1. The problem statement, all variables and given/known data

Let (X,d) and (Y, p) be metric spaces and f : X -> Y a function. Prove that f is continuous at p-0 if and only if for every ε > 0, there exists a δ > 0 so that the image of Bd(p-0; δ) is contained in Bp( f (p-0);ε).

2. Relevant equations

3. The attempt at a solution
For the forward implication, I feel like I am almost there.

The statement f is continuous at p-0 implies for every e>0 there is a delta>0 so that when d(p, p-0)< delta this implies p( f(p), f(p-0))<e. But d(p, p-0)< delta implies x is contained in B (sub d) (p-0; delta) and p( f(p), f(p-0))<e implies f(p) is contained in B (sub p) (f(p-0); e).
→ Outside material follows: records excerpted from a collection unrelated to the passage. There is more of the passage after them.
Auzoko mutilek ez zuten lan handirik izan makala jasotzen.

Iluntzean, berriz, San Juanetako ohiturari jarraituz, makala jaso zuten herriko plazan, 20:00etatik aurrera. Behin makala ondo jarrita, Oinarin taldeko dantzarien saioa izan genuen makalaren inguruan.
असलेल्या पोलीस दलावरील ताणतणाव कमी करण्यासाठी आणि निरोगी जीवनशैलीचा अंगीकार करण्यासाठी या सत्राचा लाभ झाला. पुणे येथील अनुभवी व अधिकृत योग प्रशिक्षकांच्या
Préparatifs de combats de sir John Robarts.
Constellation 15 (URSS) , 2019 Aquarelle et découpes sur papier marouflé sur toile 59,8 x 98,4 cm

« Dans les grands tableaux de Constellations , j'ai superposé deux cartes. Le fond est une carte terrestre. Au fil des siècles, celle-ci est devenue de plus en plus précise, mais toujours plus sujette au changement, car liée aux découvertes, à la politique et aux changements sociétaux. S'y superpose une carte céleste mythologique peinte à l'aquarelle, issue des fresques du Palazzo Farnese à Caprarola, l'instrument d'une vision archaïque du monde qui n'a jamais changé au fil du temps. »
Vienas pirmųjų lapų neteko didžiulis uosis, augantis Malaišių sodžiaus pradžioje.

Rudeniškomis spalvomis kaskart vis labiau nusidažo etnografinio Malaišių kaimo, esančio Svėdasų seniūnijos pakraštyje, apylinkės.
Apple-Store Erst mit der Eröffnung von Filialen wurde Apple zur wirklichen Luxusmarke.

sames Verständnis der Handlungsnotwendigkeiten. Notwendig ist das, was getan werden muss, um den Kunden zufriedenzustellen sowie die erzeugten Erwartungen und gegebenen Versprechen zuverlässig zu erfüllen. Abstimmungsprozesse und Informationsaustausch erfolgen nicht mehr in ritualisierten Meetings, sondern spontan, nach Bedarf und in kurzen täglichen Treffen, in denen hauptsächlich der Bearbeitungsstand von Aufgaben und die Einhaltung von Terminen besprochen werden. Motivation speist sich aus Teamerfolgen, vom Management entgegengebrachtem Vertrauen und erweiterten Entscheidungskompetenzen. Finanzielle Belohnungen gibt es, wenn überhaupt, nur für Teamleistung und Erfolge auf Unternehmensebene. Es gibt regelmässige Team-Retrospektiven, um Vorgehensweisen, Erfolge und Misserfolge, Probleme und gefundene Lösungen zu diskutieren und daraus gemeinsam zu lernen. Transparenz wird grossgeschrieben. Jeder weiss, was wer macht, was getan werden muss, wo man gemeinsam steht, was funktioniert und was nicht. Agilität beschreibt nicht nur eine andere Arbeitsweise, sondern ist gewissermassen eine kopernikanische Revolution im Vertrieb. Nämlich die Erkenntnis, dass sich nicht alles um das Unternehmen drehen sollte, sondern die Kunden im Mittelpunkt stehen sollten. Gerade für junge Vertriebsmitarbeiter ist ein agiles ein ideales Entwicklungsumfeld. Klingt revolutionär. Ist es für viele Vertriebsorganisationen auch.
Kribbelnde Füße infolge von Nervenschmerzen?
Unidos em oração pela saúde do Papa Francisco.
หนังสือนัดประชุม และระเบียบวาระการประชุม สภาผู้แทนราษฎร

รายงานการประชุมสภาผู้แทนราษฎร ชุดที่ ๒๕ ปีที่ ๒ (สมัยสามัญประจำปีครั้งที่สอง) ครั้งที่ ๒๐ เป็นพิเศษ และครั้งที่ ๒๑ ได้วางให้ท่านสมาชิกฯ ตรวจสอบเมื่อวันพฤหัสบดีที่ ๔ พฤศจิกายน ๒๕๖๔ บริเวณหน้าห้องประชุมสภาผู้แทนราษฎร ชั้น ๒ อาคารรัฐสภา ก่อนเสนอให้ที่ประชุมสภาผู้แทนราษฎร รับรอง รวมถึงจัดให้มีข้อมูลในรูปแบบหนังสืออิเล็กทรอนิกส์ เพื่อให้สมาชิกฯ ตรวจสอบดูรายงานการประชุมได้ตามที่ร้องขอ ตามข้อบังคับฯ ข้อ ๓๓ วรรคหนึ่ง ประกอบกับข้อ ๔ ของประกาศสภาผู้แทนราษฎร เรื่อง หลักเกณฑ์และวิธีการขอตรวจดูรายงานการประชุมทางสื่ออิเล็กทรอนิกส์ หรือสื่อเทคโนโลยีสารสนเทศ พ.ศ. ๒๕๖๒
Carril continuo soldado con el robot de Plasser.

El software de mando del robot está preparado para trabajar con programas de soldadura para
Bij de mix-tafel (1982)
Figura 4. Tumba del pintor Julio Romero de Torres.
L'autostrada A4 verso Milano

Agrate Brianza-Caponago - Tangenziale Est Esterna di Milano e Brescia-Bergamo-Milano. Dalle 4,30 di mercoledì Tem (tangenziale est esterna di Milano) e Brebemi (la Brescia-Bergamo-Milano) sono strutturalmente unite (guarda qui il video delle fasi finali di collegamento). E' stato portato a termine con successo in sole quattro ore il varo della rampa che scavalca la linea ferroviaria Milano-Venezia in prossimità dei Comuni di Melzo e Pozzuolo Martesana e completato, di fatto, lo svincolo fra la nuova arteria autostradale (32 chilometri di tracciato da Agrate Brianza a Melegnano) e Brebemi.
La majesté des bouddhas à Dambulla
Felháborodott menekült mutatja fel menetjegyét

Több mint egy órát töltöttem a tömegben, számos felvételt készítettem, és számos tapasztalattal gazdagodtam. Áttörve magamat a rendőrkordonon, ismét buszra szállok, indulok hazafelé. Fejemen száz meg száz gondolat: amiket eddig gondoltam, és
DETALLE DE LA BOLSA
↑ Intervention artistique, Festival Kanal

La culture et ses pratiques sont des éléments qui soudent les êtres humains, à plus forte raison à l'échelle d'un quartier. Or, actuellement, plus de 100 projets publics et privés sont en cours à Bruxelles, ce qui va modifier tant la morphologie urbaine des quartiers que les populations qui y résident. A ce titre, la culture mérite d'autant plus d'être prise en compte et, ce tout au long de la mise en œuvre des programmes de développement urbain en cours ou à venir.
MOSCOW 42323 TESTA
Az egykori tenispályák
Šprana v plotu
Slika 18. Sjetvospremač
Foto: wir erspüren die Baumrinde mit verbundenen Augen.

Here is where I would like to say that notice that the image of x is contained in f(x). Then I can conclude that the image of B (sub d) is contained in B (sub p)

Then, I was going to reverse it for the other implication.

2. Oct 19, 2011

### HallsofIvy

For any set X, the "image of x" is defined as the set of all y such that y= f(x) for all x in X. Normally, we use the notation f(X) to mean the "image of x". So the image of x is not just "contained in" fix), it is f(x).